### [DATA IN THIS EXERCISE]
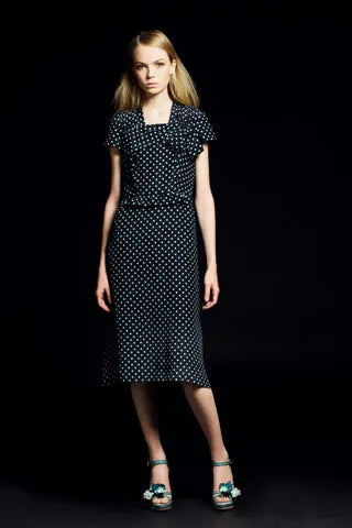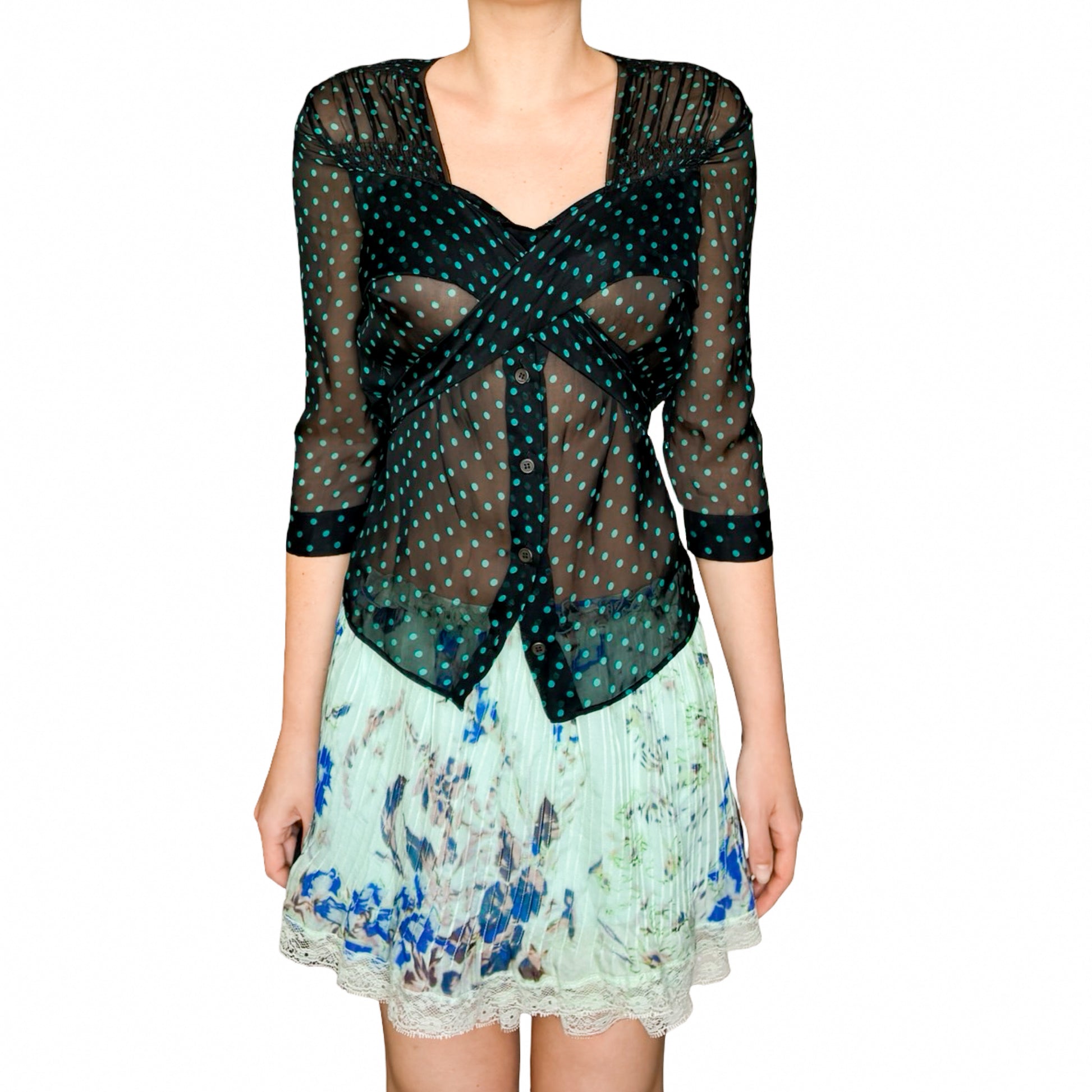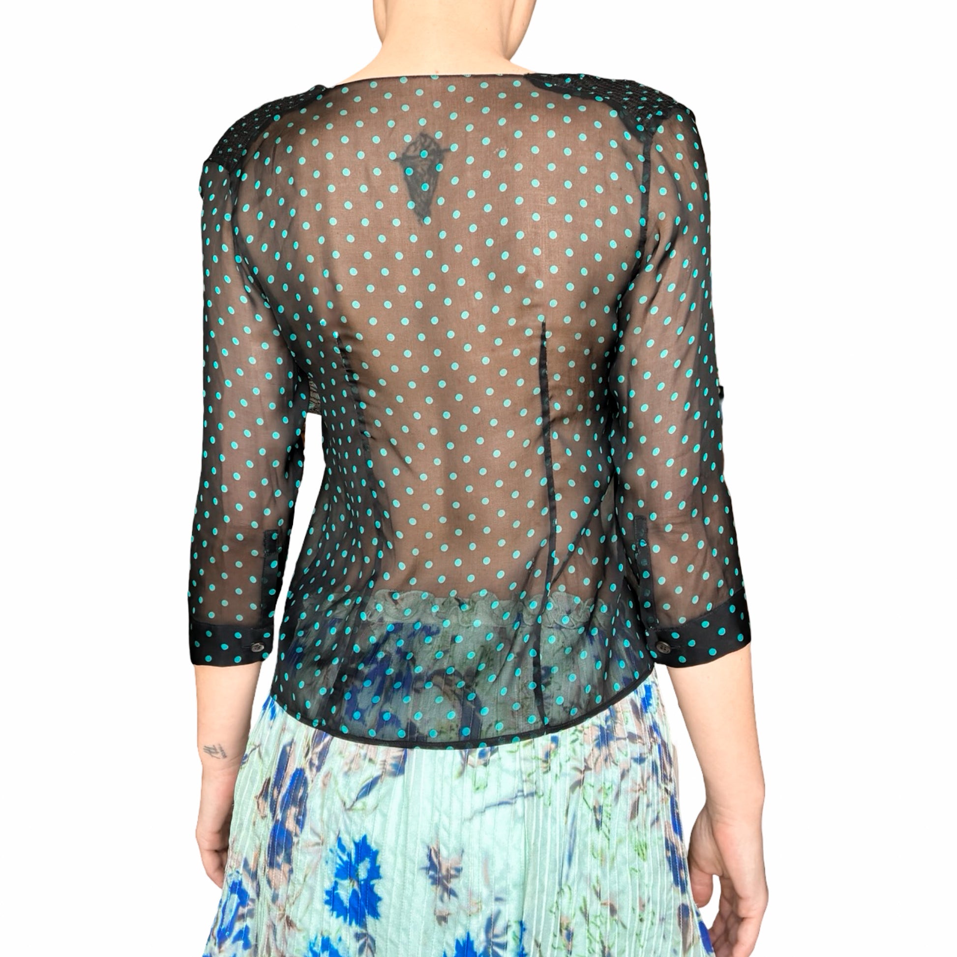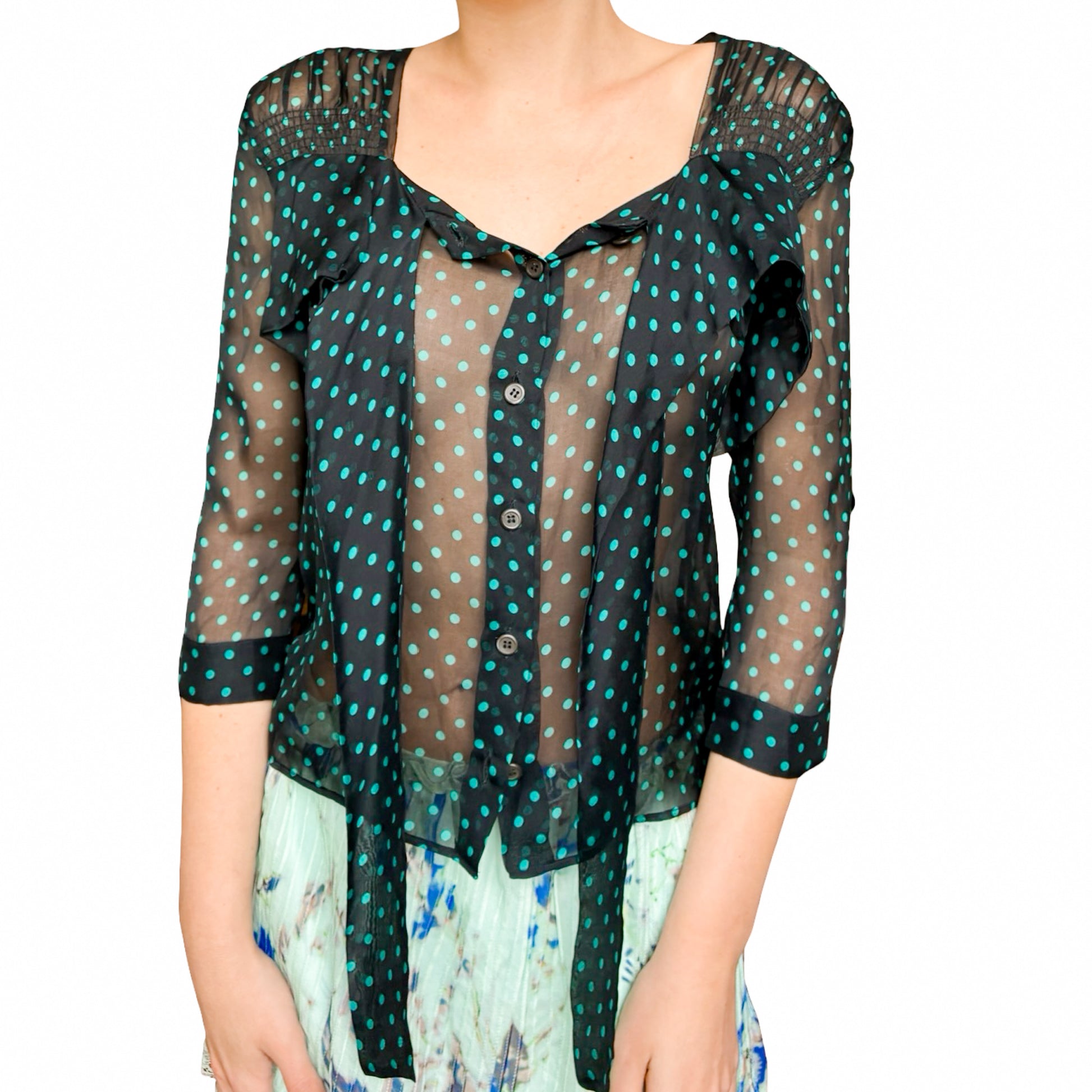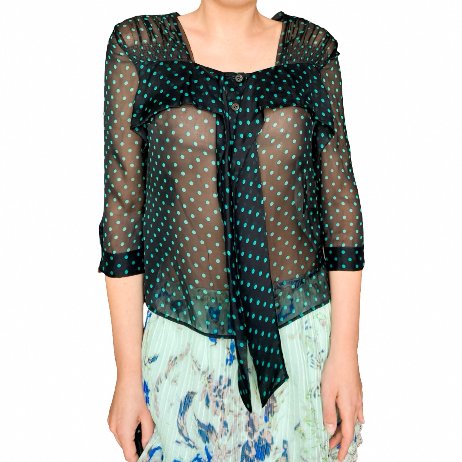 Prada sheer silk fitted shirt in navy with turquoise-green polka dots, designed with a button-up front and lavallière ties that can be styled in different ways, either crossed at the bust or tied traditionally. The blouse features three-quarter sleeves with buttoned cuffs and delicate gathers at the shoulders. Fully transparent, best worn with a bra or layered depending on styling preference. Print was short for the official lookbook of the resort 2008 collection.
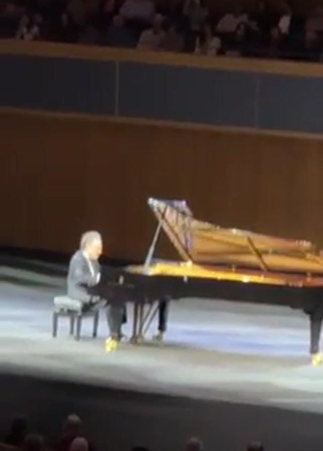man in a suit sitting at a grand piano on a stage, performing for an audience. The piano is black, with the lid open to reveal a gold interior. The man is facing away from the camera and towards the piano keys. The audience is seated in rows of seats that extend up to a higher balcony. The stage is lit, and the overall tone of the video is formal and cultural. The interior walls of the building appear to be wood panels.
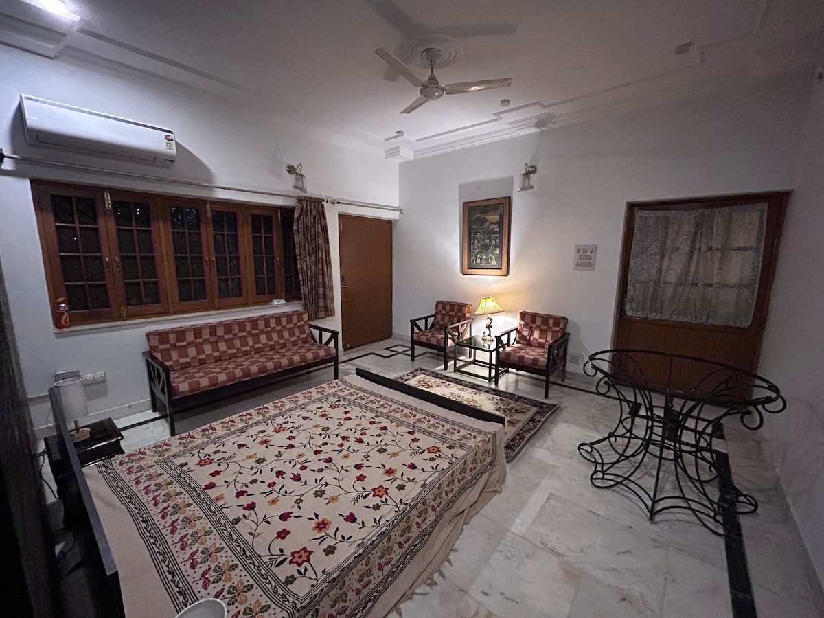 Elegant Villa Room with Garden View Unwind in our serene, sunlit villa room nestled in the heart of the city . This spacious private room features a plush king sized bed, ensuite bathroom, and charming rustic decor. Doors open to a private patio overlooking lush gardens—perfect for morning coffee . Ideal for couples, solo travelers, or digital nomads seeking comfort, privacy, and a peaceful escape—yet just minutes from local attractions and cafes. Homemade customised food arrangements mughlai
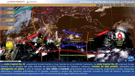 El Monzón mexicano se mantendrá sobre el noroeste de territorio nacional, mientras que la Onda Tropical 13 se ubica sobre el Istmo de Tehuantepec.
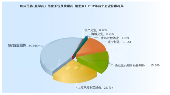維生素A是構成視紫紅質的成分之一,參與形成暗視覺;維持上皮細胞完整性;促進生長發育,對嬰兒特別重要;還促進胸腺增生,增強免疫功能;常用于夜盲癥、干眼病、角膜軟化癥等。維生素A屬于脂溶性維生素,其軟膠囊的劑型由于技術含量較高,生產企業相對少一些,就其企業的市場表現看,廈門星鯊制藥在2009年成功登頂第一寶座后,一直保持四成以上份額。
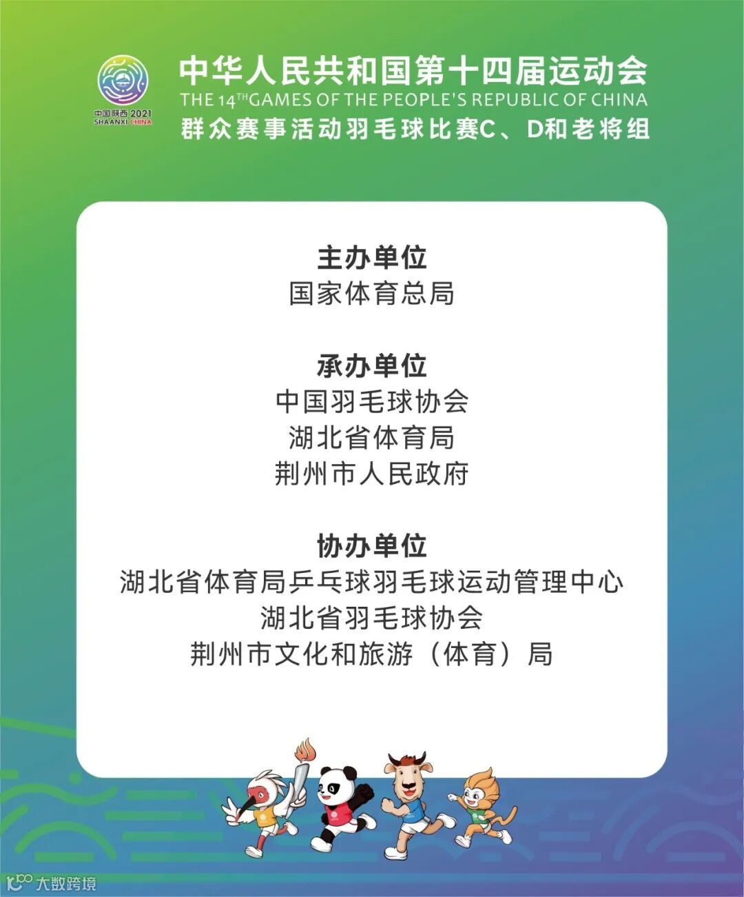 本次赛事由国家体育总局主办,中国羽毛球协会、湖北省体育局、荆州市人民政府承办,湖北省体育局乒乓球羽毛球运动管理中心、湖北省羽毛球协会、荆州市文化和旅游(体育)局协办,广州博润体育科技有限公司运营。根据赛程安排,5月23日,各代表队将来荆报到,5月24日将召开领队会和抽签仪式,5月25日上午将举办开幕式。
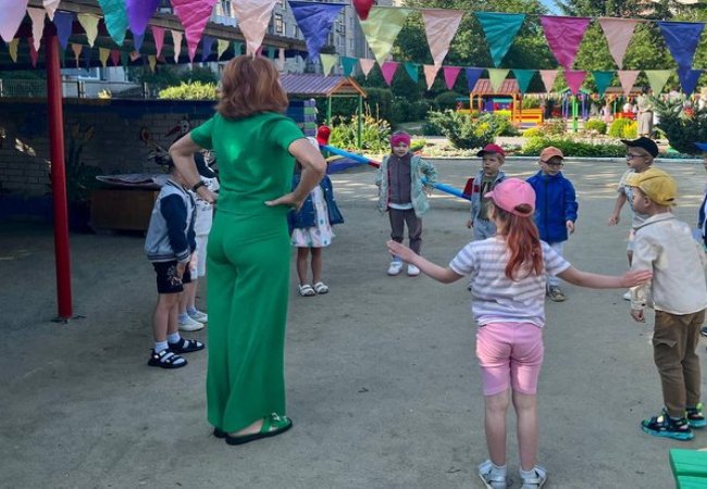 Прийом дітей відбувається на вулиці, де діти знайомляться із вихователями та роблять ранкову зарядку. У середній групі, яку веде вихователька Ольга Грицевич, у літній період перебуватиме 30 дітей.
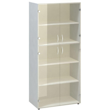 Policová skříň ALFA 500 5M (3M dveře sklo / 2M dveře sklo), bílá
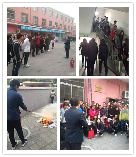 消防演习暨安全知识讲座由卞松华老师主持,他言简意赅的强调了举办此次安全教育活动的重要意义。接下来,解彭飞老师向员工介绍了在突发火灾中室内应急逃生的方法。在逃生演练中,同学们按照引导人员的疏散指导,快速有序地从学七宿舍楼中及时安全地撤离出来。在空地集合后,解彭飞老师又为大家讲解了有关火灾现场的应急处置方案,灭火器的使用原理以及相关的注意事项。解老师告诉同学们“提、拔、瞄、压”四个重要要点,简洁精准地介绍了干粉灭火器的使用方法,并亲自演练操作示范,尤其重要提醒同学们灭火器的有效使用时间及喷射范围。随后男女同学代表分别进行操作演练,员工代表通过正确使用灭火器,成功将火堆扑灭。同学们收获了一次生动、深刻的防火教育。
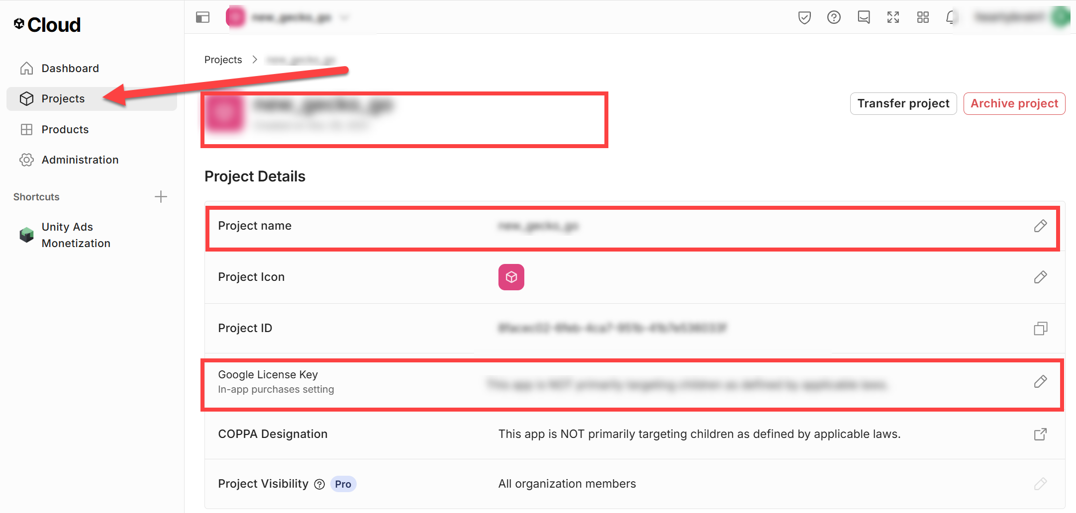 기존의 유니티 클라우드 프로젝트는 Cloud 웹사이트 Projects 페이지에서 확인
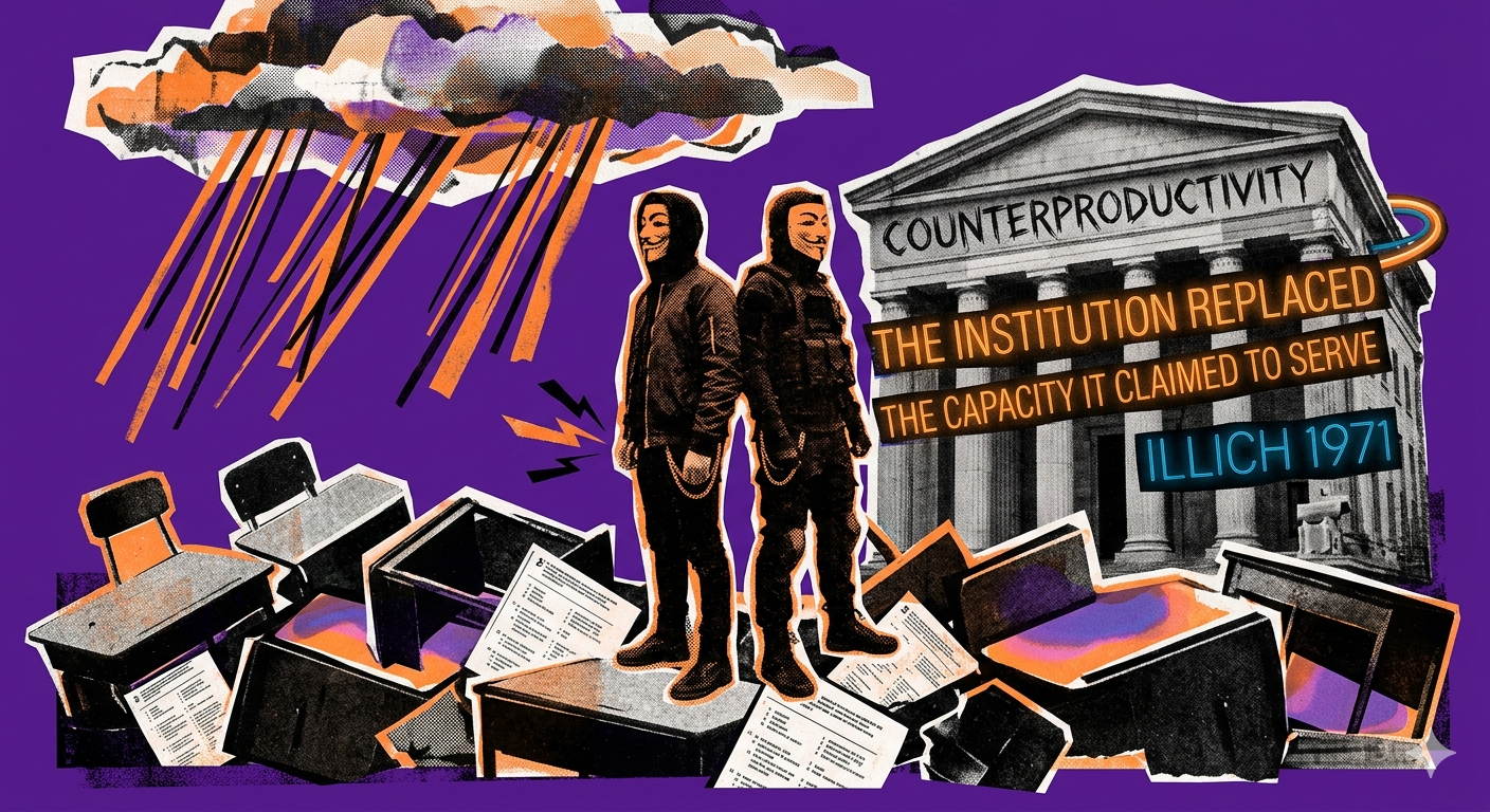Ivan Illich identified the pattern fifty years ago and called it counterproductivity: beyond a threshold, institutions designed to serve a purpose begin to undermine it. Schools decrease learning above a certain scale. Hospitals decrease health. Police decrease safety. The observation was not cynical — it was structural. Large institutions require self-perpetuation as their primary operating logic. Serving the stated mission is secondary to maintaining the budget, the headcount, the regulatory territory, and the political relationships that guarantee survival. The mission drift is not corruption. It is the predictable output of the incentive architecture.
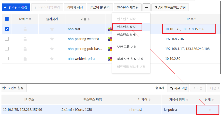 GSLB의 라우팅 규칙인 FailOver 테스트를 위해 한 대의 인스턴스를 중지시킨다.

### [WORK INSTRUCTION]
In the data above, find the line with "維生素A是構成視紫紅質的成分" and the line with "本次赛事由国家体育总局主办,中国羽毛球协". Please copy exactly those two lines and every line between them, but not the pictures.

### [EXERCISE RESPONSE]
維生素A是構成視紫紅質的成分之一,參與形成暗視覺;維持上皮細胞完整性;促進生長發育,對嬰兒特別重要;還促進胸腺增生,增強免疫功能;常用于夜盲癥、干眼病、角膜軟化癥等。維生素A屬于脂溶性維生素,其軟膠囊的劑型由于技術含量較高,生產企業相對少一些,就其企業的市場表現看,廈門星鯊制藥在2009年成功登頂第一寶座后,一直保持四成以上份額。
 本次赛事由国家体育总局主办,中国羽毛球协会、湖北省体育局、荆州市人民政府承办,湖北省体育局乒乓球羽毛球运动管理中心、湖北省羽毛球协会、荆州市文化和旅游(体育)局协办,广州博润体育科技有限公司运营。根据赛程安排,5月23日,各代表队将来荆报到,5月24日将召开领队会和抽签仪式,5月25日上午将举办开幕式。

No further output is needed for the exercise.